Problem: Every line of the listing below from the one with "Niezwykle modna, efektowna, drewniana" up to and including the one with "999,9 Gold) |" should be retyped exactly, and nothing else; pictures are not part of the copy.

Information given:
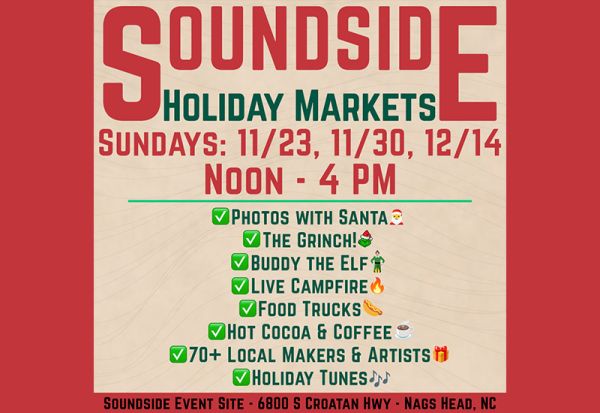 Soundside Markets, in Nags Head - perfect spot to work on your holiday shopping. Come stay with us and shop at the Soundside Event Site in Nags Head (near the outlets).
---
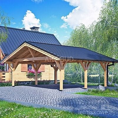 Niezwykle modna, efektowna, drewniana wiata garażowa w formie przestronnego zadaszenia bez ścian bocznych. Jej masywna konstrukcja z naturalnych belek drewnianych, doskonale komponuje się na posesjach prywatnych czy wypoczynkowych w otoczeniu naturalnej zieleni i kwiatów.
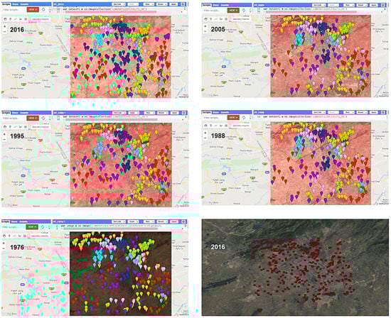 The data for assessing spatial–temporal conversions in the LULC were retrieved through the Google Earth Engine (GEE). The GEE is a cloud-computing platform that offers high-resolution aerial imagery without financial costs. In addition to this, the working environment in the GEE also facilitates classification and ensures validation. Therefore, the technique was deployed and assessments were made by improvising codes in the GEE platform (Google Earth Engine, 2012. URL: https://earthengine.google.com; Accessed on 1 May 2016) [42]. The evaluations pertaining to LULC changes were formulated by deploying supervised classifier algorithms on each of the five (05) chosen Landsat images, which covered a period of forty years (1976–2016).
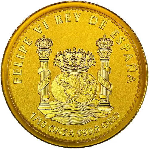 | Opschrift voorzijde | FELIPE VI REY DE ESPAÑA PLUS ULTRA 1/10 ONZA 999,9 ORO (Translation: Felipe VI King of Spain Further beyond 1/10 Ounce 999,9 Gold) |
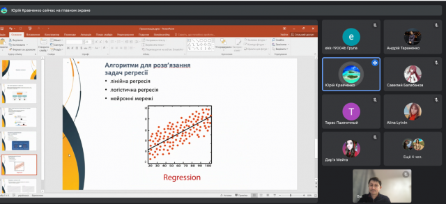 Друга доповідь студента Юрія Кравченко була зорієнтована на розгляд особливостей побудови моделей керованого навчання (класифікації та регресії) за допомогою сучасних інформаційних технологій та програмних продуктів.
---
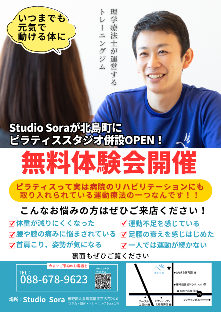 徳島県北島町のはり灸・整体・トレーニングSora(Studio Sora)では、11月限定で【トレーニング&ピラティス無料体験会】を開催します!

Task result:
 Niezwykle modna, efektowna, drewniana wiata garażowa w formie przestronnego zadaszenia bez ścian bocznych. Jej masywna konstrukcja z naturalnych belek drewnianych, doskonale komponuje się na posesjach prywatnych czy wypoczynkowych w otoczeniu naturalnej zieleni i kwiatów.
 The data for assessing spatial–temporal conversions in the LULC were retrieved through the Google Earth Engine (GEE). The GEE is a cloud-computing platform that offers high-resolution aerial imagery without financial costs. In addition to this, the working environment in the GEE also facilitates classification and ensures validation. Therefore, the technique was deployed and assessments were made by improvising codes in the GEE platform (Google Earth Engine, 2012. URL: https://earthengine.google.com; Accessed on 1 May 2016) [42]. The evaluations pertaining to LULC changes were formulated by deploying supervised classifier algorithms on each of the five (05) chosen Landsat images, which covered a period of forty years (1976–2016).
 | Opschrift voorzijde | FELIPE VI REY DE ESPAÑA PLUS ULTRA 1/10 ONZA 999,9 ORO (Translation: Felipe VI King of Spain Further beyond 1/10 Ounce 999,9 Gold) |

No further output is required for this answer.